## SOURCE DATA:
____________________

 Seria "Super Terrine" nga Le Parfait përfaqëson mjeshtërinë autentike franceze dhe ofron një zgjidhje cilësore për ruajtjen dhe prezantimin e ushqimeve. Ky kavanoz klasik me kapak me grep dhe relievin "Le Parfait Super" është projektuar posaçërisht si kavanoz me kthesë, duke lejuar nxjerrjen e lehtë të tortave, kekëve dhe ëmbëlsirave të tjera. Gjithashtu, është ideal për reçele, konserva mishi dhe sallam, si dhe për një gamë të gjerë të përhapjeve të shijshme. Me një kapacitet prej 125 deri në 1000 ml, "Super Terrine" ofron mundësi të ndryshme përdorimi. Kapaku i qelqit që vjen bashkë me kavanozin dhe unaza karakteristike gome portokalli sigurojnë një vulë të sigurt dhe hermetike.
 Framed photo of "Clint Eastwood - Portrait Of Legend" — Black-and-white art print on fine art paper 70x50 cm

____________________

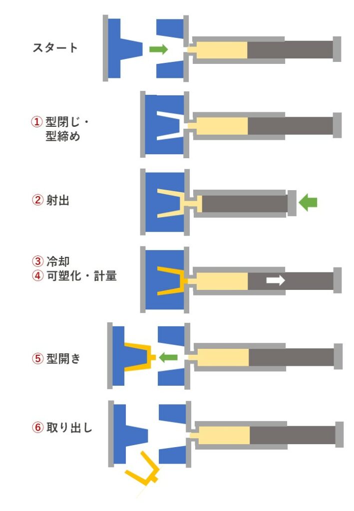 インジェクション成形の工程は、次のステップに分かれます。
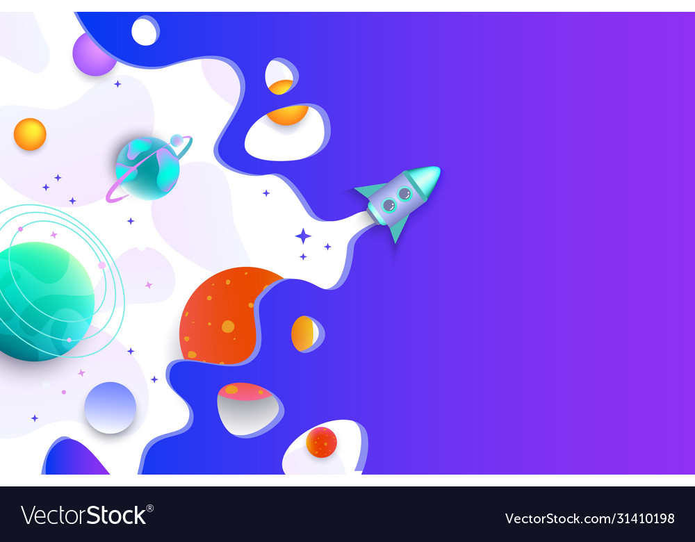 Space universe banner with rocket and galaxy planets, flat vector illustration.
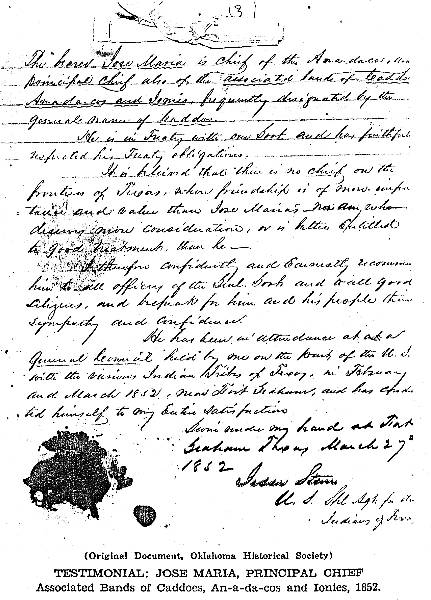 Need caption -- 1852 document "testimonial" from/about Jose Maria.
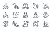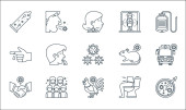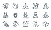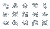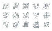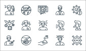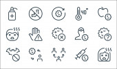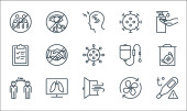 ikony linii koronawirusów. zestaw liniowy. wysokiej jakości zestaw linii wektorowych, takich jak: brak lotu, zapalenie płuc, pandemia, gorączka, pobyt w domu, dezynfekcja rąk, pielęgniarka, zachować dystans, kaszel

____________________

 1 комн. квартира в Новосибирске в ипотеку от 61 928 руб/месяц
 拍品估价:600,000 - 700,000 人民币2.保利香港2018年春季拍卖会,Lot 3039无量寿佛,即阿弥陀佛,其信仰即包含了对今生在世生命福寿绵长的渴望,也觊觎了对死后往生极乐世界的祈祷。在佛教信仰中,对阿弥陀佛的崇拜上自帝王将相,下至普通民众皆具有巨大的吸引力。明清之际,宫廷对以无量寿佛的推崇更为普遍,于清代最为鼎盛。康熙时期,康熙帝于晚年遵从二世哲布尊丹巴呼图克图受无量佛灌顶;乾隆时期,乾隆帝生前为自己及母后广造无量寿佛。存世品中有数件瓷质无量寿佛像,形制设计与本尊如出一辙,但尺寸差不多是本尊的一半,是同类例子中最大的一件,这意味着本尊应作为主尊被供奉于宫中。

____________________

## WORK INSTRUCTIONS:
With the pictures omitted, print the lines above exactly, beginning at the line with "Space universe banner" and going on through the line with "ikony linii koronawirusów.".

## EXERCISE OUTPUT:
 Space universe banner with rocket and galaxy planets, flat vector illustration.
 Need caption -- 1852 document "testimonial" from/about Jose Maria.
 ikony linii koronawirusów. zestaw liniowy. wysokiej jakości zestaw linii wektorowych, takich jak: brak lotu, zapalenie płuc, pandemia, gorączka, pobyt w domu, dezynfekcja rąk, pielęgniarka, zachować dystans, kaszel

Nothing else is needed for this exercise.